In addition to previous studies focusing on the functional changes of platelets and neutrophils, others have focused on the abnormal structure and function of red blood cells that can serve as biomarkers of prognosis in CVD. The RDW reflects the degree of heterogeneity of erythrocyte volume, which is traditionally for differential diagnosis of anemias. It has been explored as a biomarker for predicting prognosis in cancer, cardiovascular disease, diabetes, venous thromboembolism, atrial fibrillation, stroke, chronic obstructive pulmonary disease and community-acquired pneumonia to name a few. Moreover, RDW is a strong and independent risk factor for mortality in the general population.[12] One of the major determinants of RDW is the hormone erythropoietin, which regulates maturation and survival of erythrocytes. Inflammation and oxidative stress could contribute to decreases in erythrocyte membrane deformability. Inflammation can damage normal bone marrow, lead to the reduced efficiency of red blood cell production, and abnormal RBC membrane homeostasis, and further increases the proportion of immature RBC, thereby increasing RDW.[13] Increased oxidative stress is associated with the variation in erythrocyte size.

Several studies have already suggested elevated RDW level was associated with poor prognosis in patients underwent PCI.

In 2009, Fukuta first reported that RDW was associated with B-type natriuretic peptide in CAD patients undergoing cardiac catheterization.[14] Felker et al[15] found that RDW was an independent predictor of the prognosis in patients with heart failure. Fatemi et al[16] found that RDW was related to 1-year mortality in patients underwent PCI (HR 1.65, CI 1.22–2.23, P = .001). Liao et al[17] analyzed the association between RDW and 1-year all-cause and cardiovascular mortalities in patients undergoing PCI, stratified RDW values into 5 groups (13.4%, 14.1%, 14.8%, and 15.9%), and reported that RDW was an independent predicting factor in patients. Furthermore, Xiao et al[18] conducted a retrospective cohort study investigating the association between change of RDW values defined as ΔRDW with MACE in patients undergoing PCI. They found that the incidence of MACEs in stable RDW group was significantly lower.

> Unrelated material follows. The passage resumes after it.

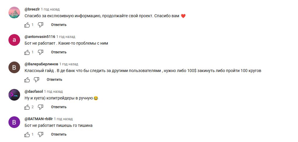 Пользователи заявляют, что боты не работают или критикуют цены. Негативных отзывов или пострадавших от мошенничества нет.
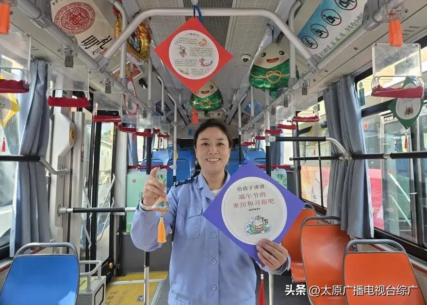 走进812路车厢,十余个憨态可掬的"粽子气球"格外引人注目——翠绿的粽叶包裹着饱满的"糯米",用金色丝带精心扎起,在车厢内轻轻摇曳。每个窗户上都粘贴着路长亲手制作的端午知识小卡片,图文并茂地介绍了诸如"端午为什么要吃粽子?""挂艾草的由来是什么?"等生动有趣的小知识。车厢里点缀的艾草香囊散发着淡淡香气,为车厢增添了浓郁的节日氛围。

Likewise, in our study RDW was an independent predictor for 1-year mortality in patients with CAD undergone PCI, meanwhile the best cutoff value was 12.9 according to restricted cubic spline analysis after adjusting for the covariables.

Furthermore, a research study including 390 STEMI patients demonstrated adding RDW to the GRACE risk score system could enhance the predictive power.[19]

Our findings align with previous research to some extent, adding RDW and NLR to model composed of traditional risk factors, showed incremental prognostic value for predicting 1-year mortality (AUC,0.830, P < .001).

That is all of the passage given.